Toxoplasma gondii Antigens GRA1 (p24) and SAG1 (p30): A Comparison of Their Stimulatory Influence on T-Cell Activation and Cytokine Expression in in vitro Cultures

The influence of recombinant cell surface SAG1 (rp30) and secretory GRA1 (rp24) antigens (Ag) on T-cell activation and cytokine induction in vitro was compared. T-cell activity and the level of IFN-γ, IL-10 and IL-12 expression in rp30-immunized T cells were considerably increased in the presence of rp30 Ags. IgG2a and IgG1 antibodies (Ab) were detected in sera of rp24- and rp30-immunized mice, with the secretory rp24 Ag having induced significantly higher titer of IgG1 Ab. In vitro, the greater antigenicity of surface rp30 Ag was notable based on the level of T-cell activation, and cytokine synthesis suggestive of the participation of Th1 cells. Although, IFN-γ expression by rp24 Ag was lower compared to rp30 Ag, the synthesis of both IgG2a and IgG1 Abs reflects the protective nature of rp24 Ag. We have generated two recombinant Toxoplasma gondii Ags that demonstrated differences in antigenicity in vitro. It would be interesting to evaluate the mechanism(s) of immunity induced by SAG1 (p30) and GRA1 (p24) Ags against infection with T. gondii in vivo.
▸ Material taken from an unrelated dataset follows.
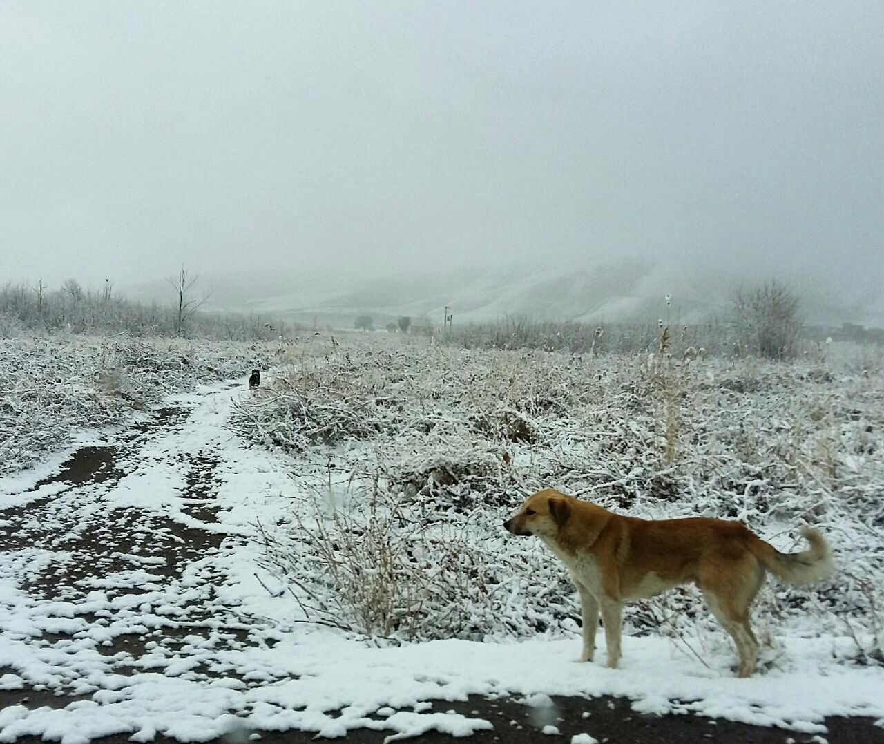 که برف آمدو شاخه های پر برف بید یه طرف،

Increased susceptibility to Toxoplasma gondii infection in SAG-1 transgenic mice.

SAG-1, one of the major surface proteins of Toxoplasma gondii, has been reported to play an important role in immune and pathogenic mechanisms of the parasites but its exact function is still unclear. We investigated the time courses of T. gondii infection in B6C3F1 transgenic mice carrying the SAG-1 gene. SAG-1 transgenic mice were infected intraperitoneally with a high virulent RH strain or a low virulent Beverley strain of T. gondii. When infected with RH strain tachyzoites, no significant differences in time courses of survivals between SAG-1 transgenic and wild-type mice were observed. Both groups succumbed to an acute infection within 8 days after infection. However, a lower survival rate (20%) was observed in SAG-1 transgenic mice than in wild-type (80%), when infected with Beverley strain cysts. This result indicates that SAG-1 transgenic mice are more susceptible to T. gondii infection as compared with their wild-type counterpart. ELISA using recombinant SAG-1 protein indicates that SAG-1 transgenic mice do not produce antibodies to the SAG-1 molecule. These findings may provide a critical tool for analysing the molecular mechanisms of pathogenesis and host immune responses during toxoplasmosis.

Unresponsiveness to Surface Antigen 1 Modifies Cytokine Profiles in Acute Toxoplasma gondii Infection

Resistance to Toxoplasma gondii involves the development of a highly polarized Th1-type cytokine expression. SAG1 transgenic mice are highly susceptible to T. gondii infection due to their non-reactivity to SAG1 of the protozoan parasite. Here we describe cytokine profiles during the acute phase of T. gondii infection, which are associated with the susceptibility of SAG1 transgenic mice. SAG1 transgenic mice showed a 4.5-fold increase in susceptibility upon inoculation with a sublethal dose of the Beverley strain of T. gondii compared to their wild-type counterparts (mortality: 81 vs. 18%, respectively). When analysis of the most important cytokines involved in the mediation of resistance to infection was carried out, SAG1 transgenic mice exhibited low production levels of IL-12, IFN-γ and TNF-α in sera during the acute phase of T. gondii infection. Antibody and T cells specific for SAG1 were not mounted upon SAG1 stimulation in SAG1 transgenic mice. Moreover, in vitro studies indicated that in SAG1 transgenic mice IFN-γ and IL-12 production was lower than in their wild-type counterparts, although levels of TNF-α increased in SAG1 transgenic mice on day 9 after infection. Low IgG2a levels were detected in SAG1 transgenic mouse sera. Unresponsiveness to SAG1 of T. gondii renders SAG1 transgenic mice unable to develop a strong Th1-based protection against T. gondii infection. These results provide evidence that SAG1 is a pivotal antigen involved in the induction of immune responses towards the development of Th1-protective immunity during T. gondii infection.